Il résulte des dispositions de l’article 700 du code de procédure civile que dans toutes les instances, le juge condamne la partie tenue aux dépens ou, à défaut, la partie perdante, à payer à l’autre partie la somme qu’il détermine, au titre des frais exposés et non compris dans les dépens. Le juge tient compte de l’équité ou de la situation économique de la partie condamnée. Il peut, même d’office, pour des raisons tirées des mêmes considérations, dire qu’il n’y a pas lieu à cette condamnation.
Compte tenu de la situation économique des parties et eu égard à l’équité, la demande fondée sur l’article 700 du Code de procédure civile est rejetée.
Conformément à l’article 514 du code de procédure civile, les décisions de première instance sont de droit exécutoires à titre provisoire à moins que la loi ou la décision rendue n’en dispose autrement.
PAR CES MOTIFS
Le juge des contentieux de la protection, statuant après débats tenus en audience publique, par jugement réputé contradictoire, rendu en premier ressort, par mise à disposition au greffe,
CONSTATE que les conditions d’acquisition de la clause résolutoire, prévue au bail conclu le 4 février 2010 concernant le bien immobilier à usage d’habitation situé [Adresse 7] , sont réunies à la date du 15 décembre 2024 ;
CONSTATE que M. [J] [T] est occupant sans droit ni titre du dit bien immobilier à usage d’habitation ;
ORDONNE en conséquence à M. [J] [T] de quitter les lieux loués sis à [Adresse 8], appartement 17 et de les rendre libres de toute occupation en satisfaisant aux obligations des locataires sortants, notamment par la remise des clefs, dans le délai de huit jours à compter de la signification de la présente décision ;
DIT qu’à défaut pour M. [J] [T] d’avoir volontairement libéré les lieux et restitué les clés dans ce délai, l’EPIC [Localité 3] METROPOLE HABITAT pourra, deux mois après la signification d’un commandement de quitter les lieux, faire procéder à son expulsion ainsi qu’à celle de tous occupants de son chef, y compris le cas échéant avec le concours d’un serrurier et de la force publique ;
DIT que le sort des meubles sera régi conformément aux dispositions des articles L.433-1 et suivants et R.433-1 et suivants du code des procédures civiles d’exécution et RAPPELLE qu’en application des dispositions de l’article L433-1 du Code des procédures civiles d’exécution, les meubles se trouvant sur les lieux sont remis, aux frais de la personne expulsée, en un lieu que celle-ci désigne, et qu’à défaut, ils sont laissés sur place ou entreposés en un autre lieu approprié et décrits avec précision par l’huissier de justice chargé de l’exécution avec sommation à la personne expulsée d’avoir à les retirer dans un délai fixé par voie réglementaire ;
CONDAMNE M. [J] [T] à verser à l’EPIC [Localité 3] METROPOLE HABITAT la somme de 1.053,87 euros au titre des loyers et indemnités d’occupation dus au 30 septembre 2025 échéance d’août 2025 comprise.

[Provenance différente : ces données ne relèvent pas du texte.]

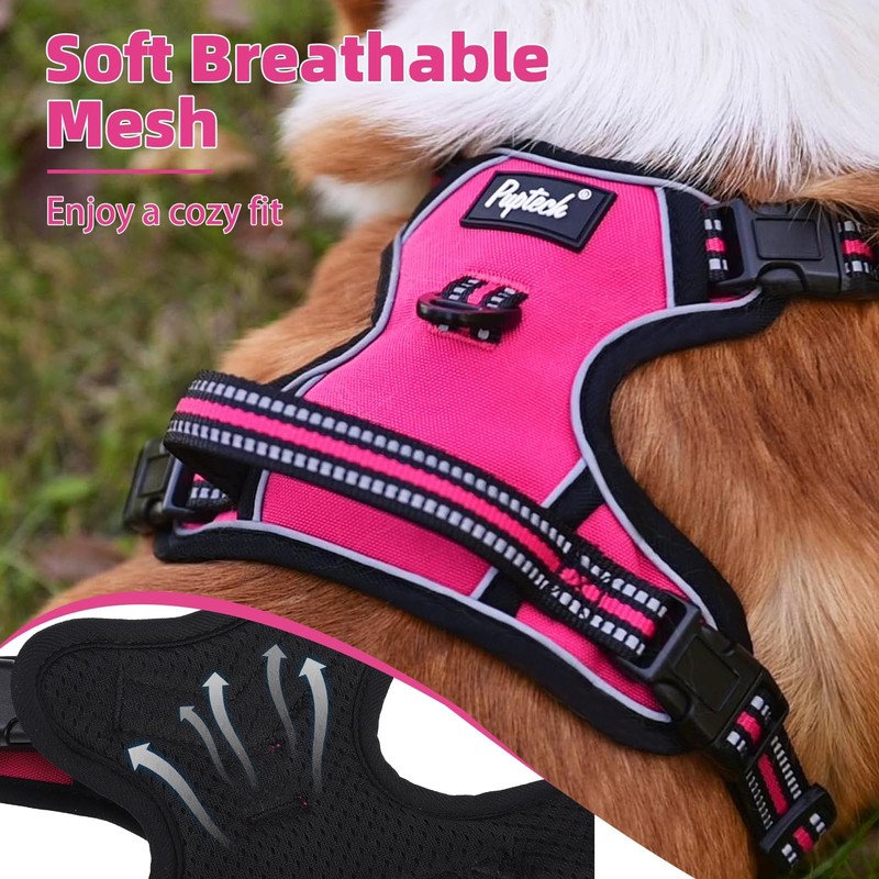 PUPTECK Adjustable Dog Vest Harness, Comfortable Pet Harness, Reflective Step-in No Pull and Breathable Mesh Dog Vest Harness, Fuschia S

CONDAMNE M. [J] [T], à compter du 30 septembre 2025 à verser à l’EPIC [Localité 3] METROPOLE HABITAT une indemnité mensuelle d’occupation d’un montant équivalent à celui du loyer augmenté des charges, tel qu’il aurait été si le contrat s’était poursuivi, et ce jusqu’à la date de la libération effective et définitive des lieux, caractérisée par la restitution des clés ;
CONDAMNE M. [J] [T] aux entiers dépens de la présente instance qui comprendront le cout du commandement et de sa notification, de l’assignation et de sa notification au Préfet ;
DÉBOUTE l’EPIC [Localité 3] METROPOLE HABITAT de sa demande formée au titre de l’article 700 du code de procédure civile ;
REJETTE toute autre demande ;
RAPPELLE que la présente décision est exécutoire à titre provisoire, frais et dépens compris ;
DIT qu’à la diligence du greffier, une expédition de la présente décision sera transmise au préfet d'[Localité 1] et [Localité 2] en application de l’article R412-2 du code des procédures civiles d’exécution ;
Ainsi jugé et prononcé par mise à disposition du jugement au greffe du tribunal judiciaire, les parties en ayant été préalablement avisées dans les conditions prévues au deuxième alinéa de l’article 450 du code de procédure civile, la minute étant signée par le juge des contentieux de la protection et par la greffière.
La greffière, Le juge des contentieux de la protection.